Gosh, I am going to miss ol’ Trey Obering when he retires in January. Ok, no I won’t.

He gave an outbrief today that, I hear, was nothing of the sort — just the same tired hat-in-hand for MDA routine. We smuggled a little spy in, so there will be more on that front later.

But I just noticed the other day that General Obering has changed his tune on how many Aegis ships would be needed to defend NATO from an Iranian ballistic missile attack.

See, when he wanted all the missile defense dough to go to that unworkable site in Poland, he told Representative Tauscher that her alternative proposal to use Aegis cruisers to defend NATO against Iranian missile attacks would require 40 ships and cost $17 billion to stand-up (and another $600 million per year to operate.)

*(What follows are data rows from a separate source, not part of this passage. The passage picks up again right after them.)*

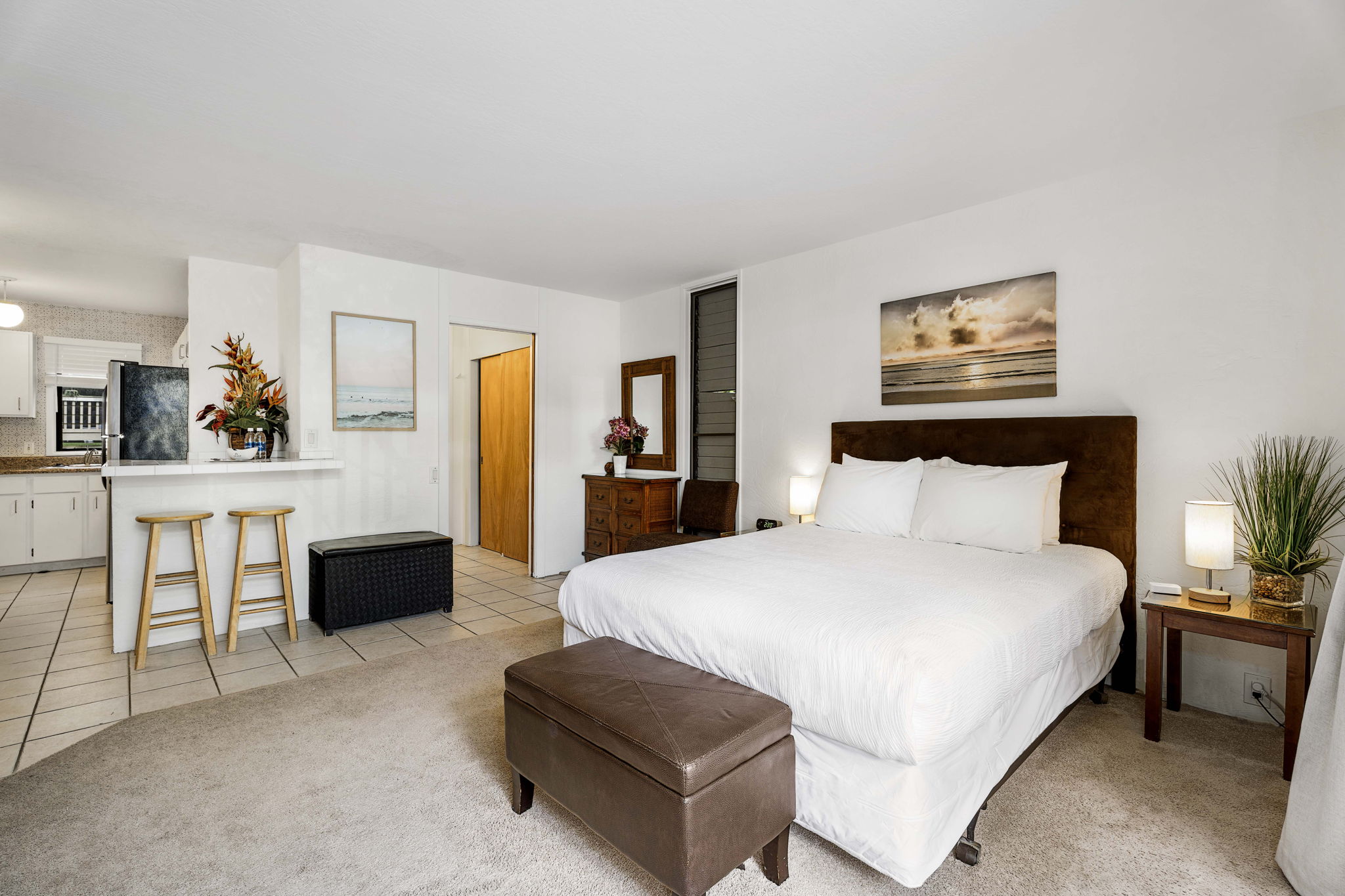 - Turnkey: This fully furnished condo ensures a seamless transition into your Hawaiian oasis. - Modern Comforts: Enjoy amenities such as a Smart TV and a window AC unit for ultimate comfort. - Recent Updates: Updated bathroom in 2024 for contemporary living. - Convenient Location: End unit right next to the crosswalk leading to the pool, lobby, offices, laundry, and Da Poke Shack. - Desirable First-Floor: Enjoy easy access with this first-floor location.
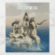 Tre sjöjungfruar vid statyer sitta vid sten i havet. Du kan anpassa texten till suddiga Sirens.
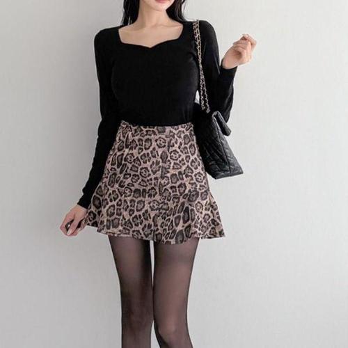 [옷자락]여성 호피패턴 플레어 미니 스커트
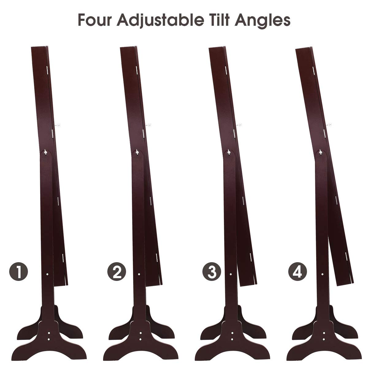 - 【4 Adjustable Angles】The mirror can be tilted to 4 different angles. You can swivel the mirror and fix the position. It will not tip over or swivel backwards easily. This full length mirror is ideal for to you dress and makeup.
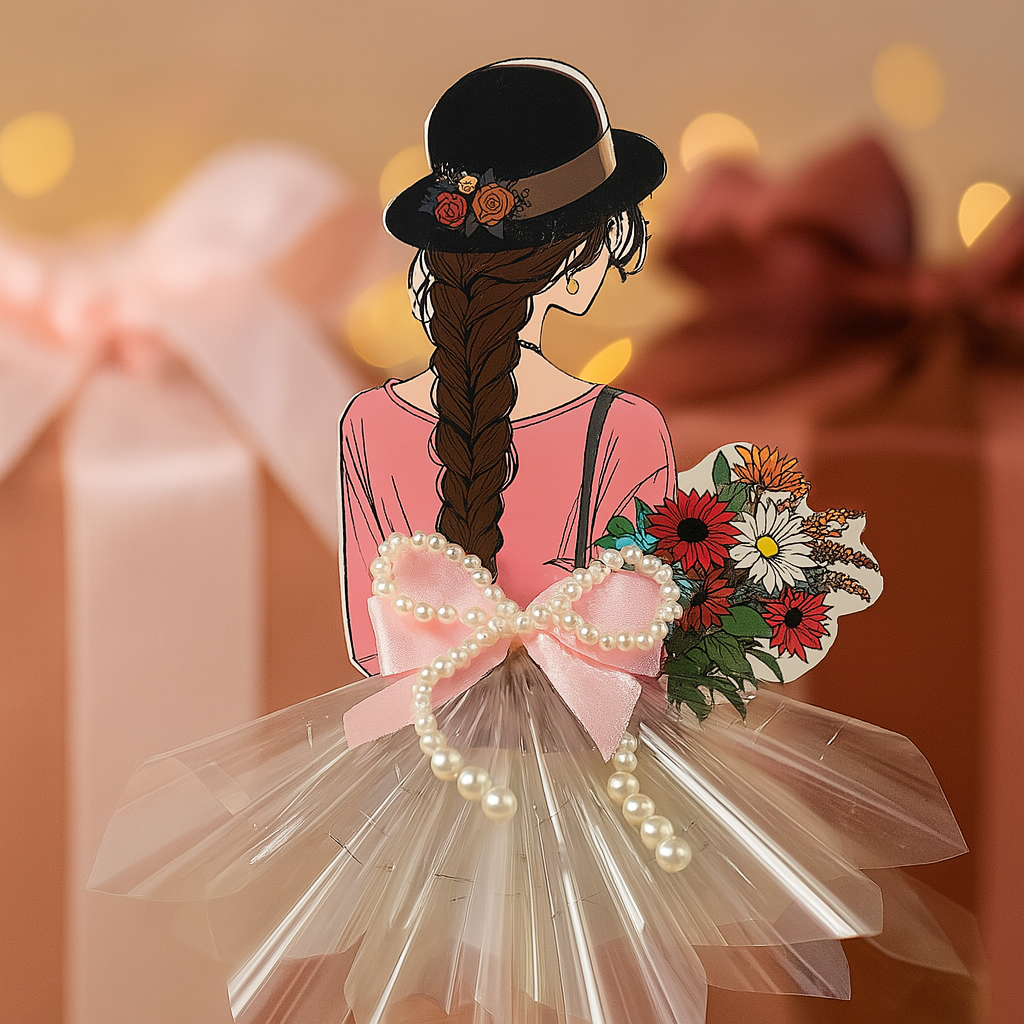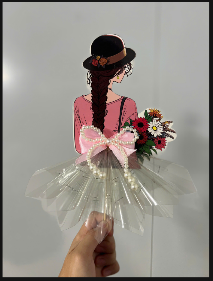 Phôi Đựng Tiền Cô Gái Áo Hồng Ôm Hoa + 10 Meka Tiền HD

You may recall that I expressed some doubt about the claim that 40 ships were necessary:

[MDA Director General Trey] Obering was obviously aware of the proposal, because his prepared statement included a long dismissal of the mobile systems that asserted the Navy would need 40 Aegis ships to defend Europe:

[snip]

When I read this, I thought 40?

As in FOUR ZERO? Is this like the biblical 40? As in “We don’t know how many, because we only have eyes for ground-based midcourse”?

The Aegis defended area or footprint is supposed to be much, much bigger than Obering’s remarks would suggest.

I talked a little about different burnout velocities and radar performance, suggesting that a straight analysis might reduce “the number of ships required by an order of magnitude from forty to four” and “make the mobile option much, much more attractive.”

Well, well, well. Then General Obering went to RUSI with this chart showing … wait for it … significant coverage of Europe with just four Aegis cruisers.

Oh sure, you might want a THAAD battery here or there and maybe a ship or two as reserve. But you clearly don’t need 40 ships to cover our NATO allies and other European partners.